Dorcas Nelson Richardson (1741–1834) was an American Revolutionary War heroine from Clarendon County, South Carolina. She is known for aiding her husband, Richard Richardson Jr., while on the run from British troops, and for protecting the locations of both him and Francis Marion, whilst being confined, deprived of food, and pressured by British commander Banastre Tarleton and his troops during their occupation of the family plantation.

== Early life ==
Richardson was born in 1741 to Captain James Nelson, an Irish native who operated a ferry on the Santee River. In 1761, she married Richard Richardson Jr., the son of American general Richard Richardson and Mary Cantey, and subsequently moved in with Richardson Jr. at their plantation, near what is now Manchester State Forest, where he worked as a planter.

== During the American Revolutionary War ==
When the Revolutionary War started in 1775, Richardson Jr. was already serving as a captain in his fathers brigade, and a year later, was appointed as captain for another brigade by Colonel Thomas Sumter, after which he spent most his time in battle, before being imprisoned after the surrender at the Siege of Charleston, and later sent to Johns Island, South Carolina. After nearly dying to Smallpox contracted during his imprisonment, he escaped, and fled back to the swamps around the plantation.

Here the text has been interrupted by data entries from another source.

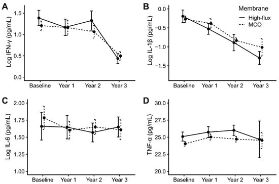 Changes in cytokine concentrations during the three-year treatment period according to the membrane type. The mean values of cytokines during the study periods are presented: (A) interferon-γ, (B) interleukin-1β, (C) interleukin-6, (D) tumor necrosis factor-α. Data are presented as arithmetic means and standard errors as an error bar plot. The values of interferon-γ, interleukin-1β, and interleukin-6 were logarithmically transformed. The values of the high-flux group are represented as solid lines and those of the MCO group as dash lines. MCO, medium cut-off; IFN interferon; IL, interleukin; TNF, tumor necrosis factor.
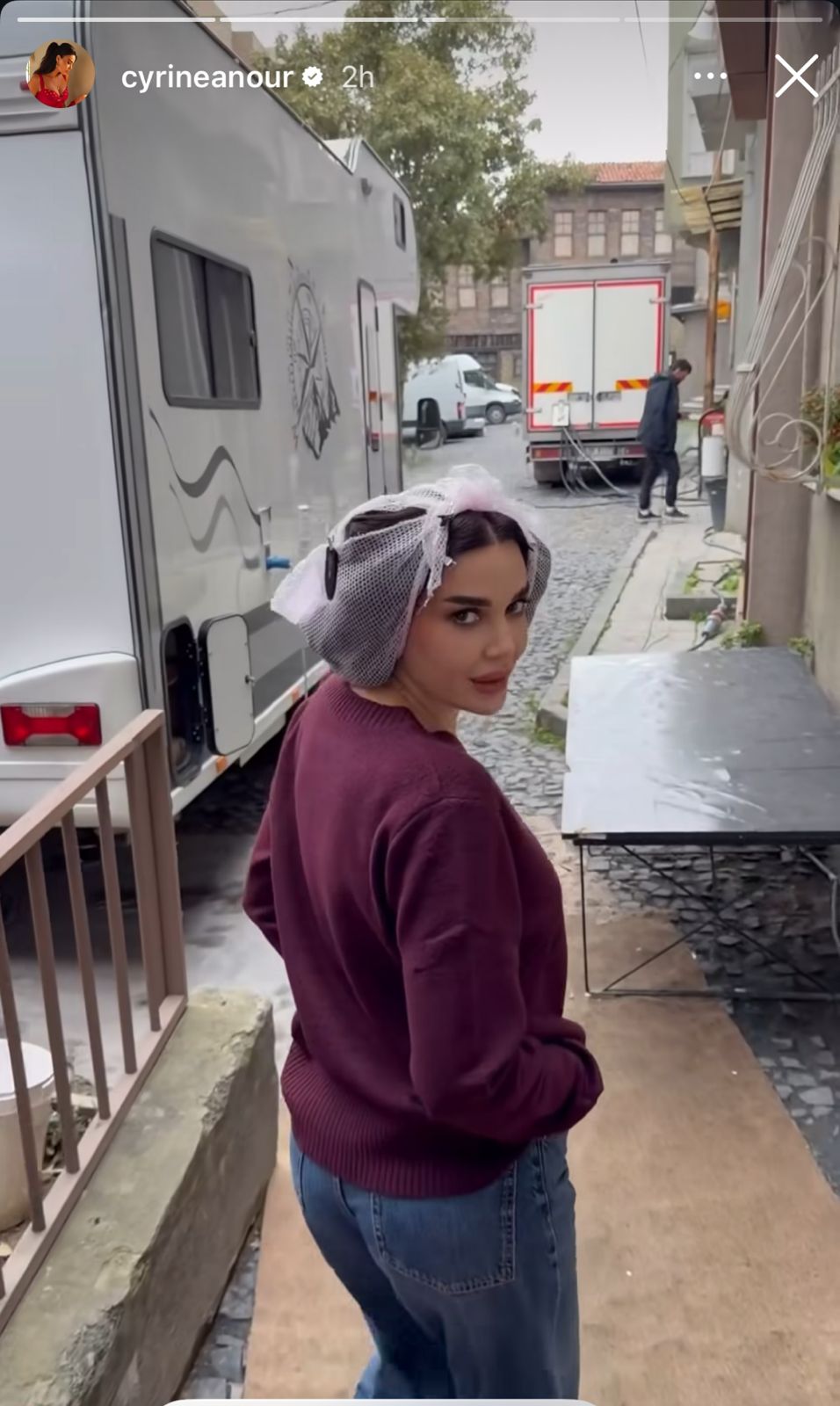 صورة جديدة عبر خاصية "الستوري" على حسابها الرسمي في إنستغرام، ظهرت فيها بكواليس تصوير عمل جديد، وهي ترتدي كنزة كاجوال وبنطال جينز، وقد غطّت شعرها بشبكة حماية غالباً ما تُستخدم في تحضيرات تصفيف الشعر أثناء التصوير، مما يشير إلى أنها تتحضر لتصوير مشهد أو دخول إلى موقع التصوير.
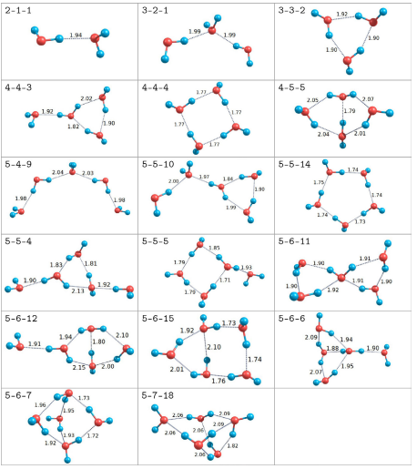 У каждой молекулы воды в кластере есть возможность образовывать от одной до четырех водородных связей; при этом для двух связей она может выступать донором протона, а для других двух – акцептором. Различные варианты расположения водородных связей обуславливают значительное структурное многообразие кластеров. Для кластера, состоящего из n молекул воды, возможны два типа изомерии:
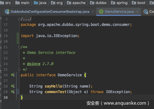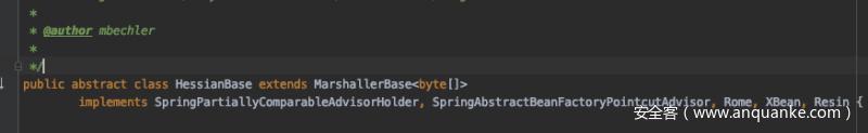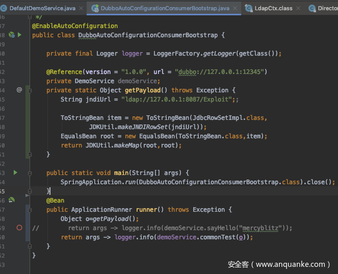 这个是Hessian 序列化之后的数据,想要利用起来还要封装一层Dubbo协议,我们采用dubbo-spring-boot项目中的DubboAutoConfigurationConsumerBootstrap类进行构造。这里注意一点如果使用Dubbo的消费者和提供者协议Dubbo会自动Hessian序列化传输的对象,所以下面构造Payload只需将利用编写好之后调用Dubbo协议调用即可。
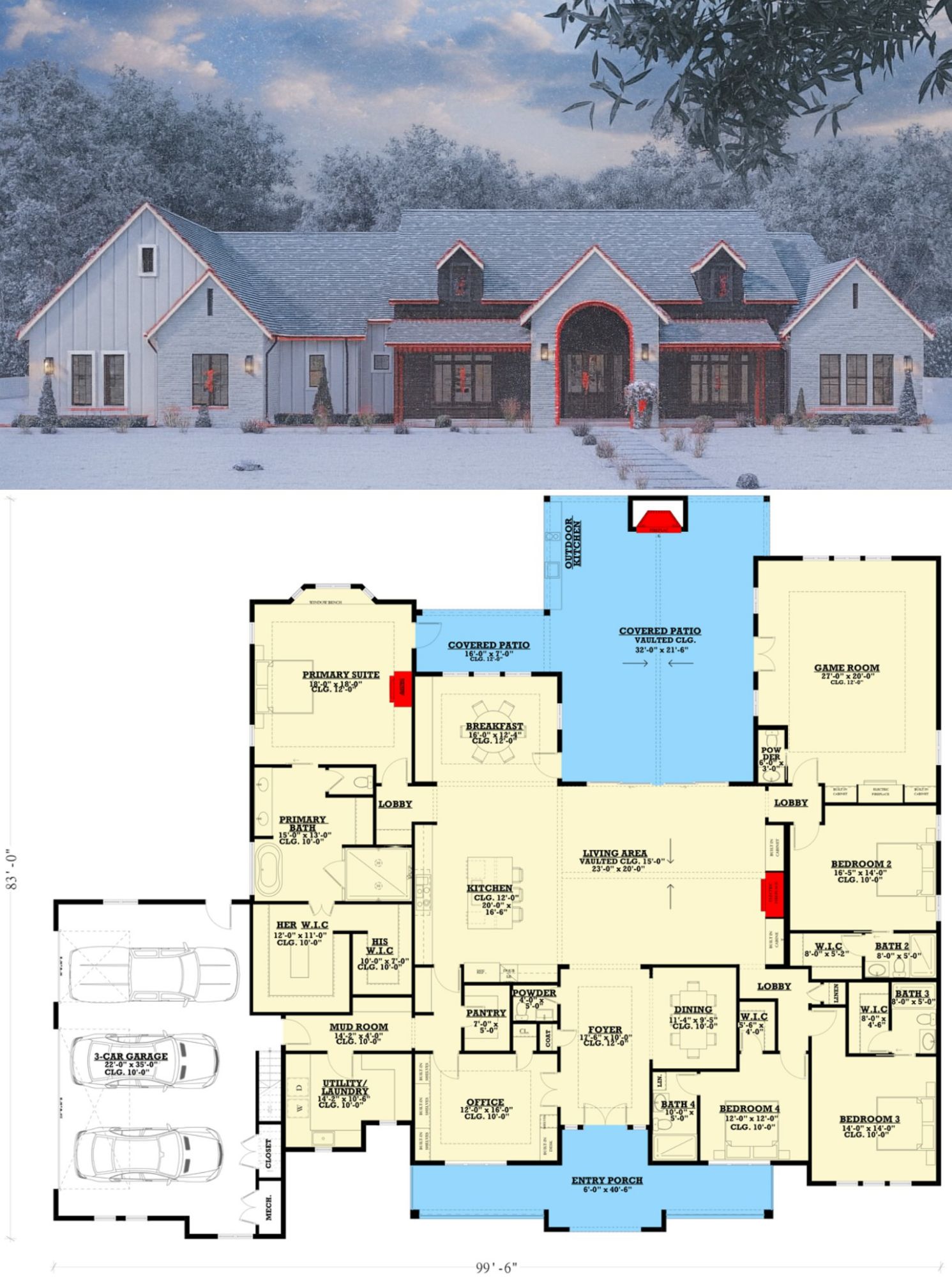 A broad front porch leads into the home and creates lovely outdoor seating space, while the side-entry 3-car garage keeps the front façade clean and balanced. The overall footprint spans roughly **99′ 6″ wide × 83′ deep**, with a modest ridge height of about **27′**, giving the house a solid, grounded presence.
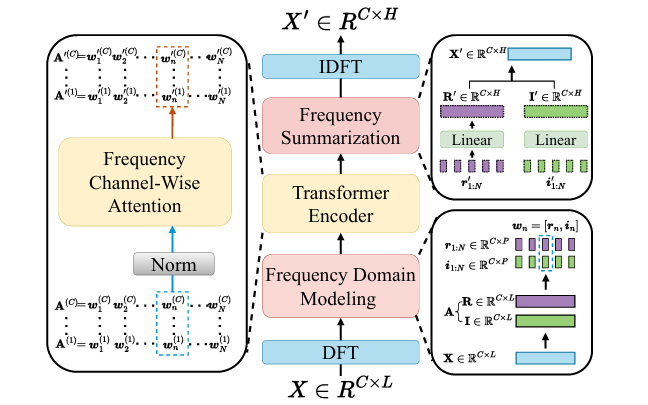 使用离散傅里叶变换(DFT)将输入时间序列分解为频率成分,并通过逆离散傅里叶变换(IDFT)重构预测结果。

Around this time, Tarleton and his troops pillaged and started occupying the family plantation, and confined Dorcas Richardson and her children to a single room, and deprived them of all but the bare minimum amount of food needed for them to survive. Despite the dangers imposed by their captors, Richardson still managed to send some of her food to her husband in the swamps every day, aided by an enslaved person owned by the family, who she trusted. She was also able to send a horse before they were all seized by the British soldiers.

When Tarleton received word regarding Richardson Jr.'s escape, he commanded his regiment to search for him in the surrounding Santee swamp area, a fruitless endeavor, made harder by Richardson's efforts to distract them. Meanwhile, Tarleton and his men started trying to intimidate Richardson, often bragging about his supposed fate at their hands, or by faking confirmations of his death, including by forging fake intelligence reports, and by painting swords with cattle blood, boasting that it was the blood of her husband. Richardson largely ignored these tactics, but is credited to have said in one interaction:

"I do not doubt that men who can outrage the feelings of a woman by such threats, are capable of perpetrating any act of treachery and inhumanity towards a brave but unfortunate enemy. But conquer or capture my husband, if you can do so, before you boast the cruelty you mean to mark your savage triumph! And let me tell you, meanwhile, that some of you, it is likely, will be in a condition to implore his mercy, before he will need to supplicate, or deign to accept yours."

Despite the intimidation, she still continued to provide support and protect her husband, being courageous enough to block soldiers from entering her home by feigning work during one of her husband's few visits, to give him time to escape once more.

Soon after, it was discovered that Richard Richardson Jr. had joined forces with Francis Marion, who was extremely popular with South Carolinian Patriots at the time. Learning this, and realizing he had the best shot at finding Marion, Tarleton almost immediately changed his demeanor and treatment of Richardson, telling her that if she could get her husband to defect from the Continental Army, and reveal the location of Francis Marion, that he would then be awarded by the British promising a pardon, wealth, and promotion within the Royal Army's ranks. Richardson, as before, vehemently refused every offer, and, through his brother, Edward Richardson, who was at the time a British prisoner of war, sent him a message that she was still refusing British demands, and denounced any idea that she and her children were suffering under Tarleton, to give him little reason at all to try and visit the plantation, and risk being captured by British troops.

Richardson continued to aid her husband throughout the rest of the war, even after Tarleton destroyed everything except the buildings on their plantation. After the Revolutionary War ended, Richardson Jr. returned home, and continued his life as a planter, the couple then continued raising their family.

Dorcas Richardson lived to the age of ninety-three, dying in 1834.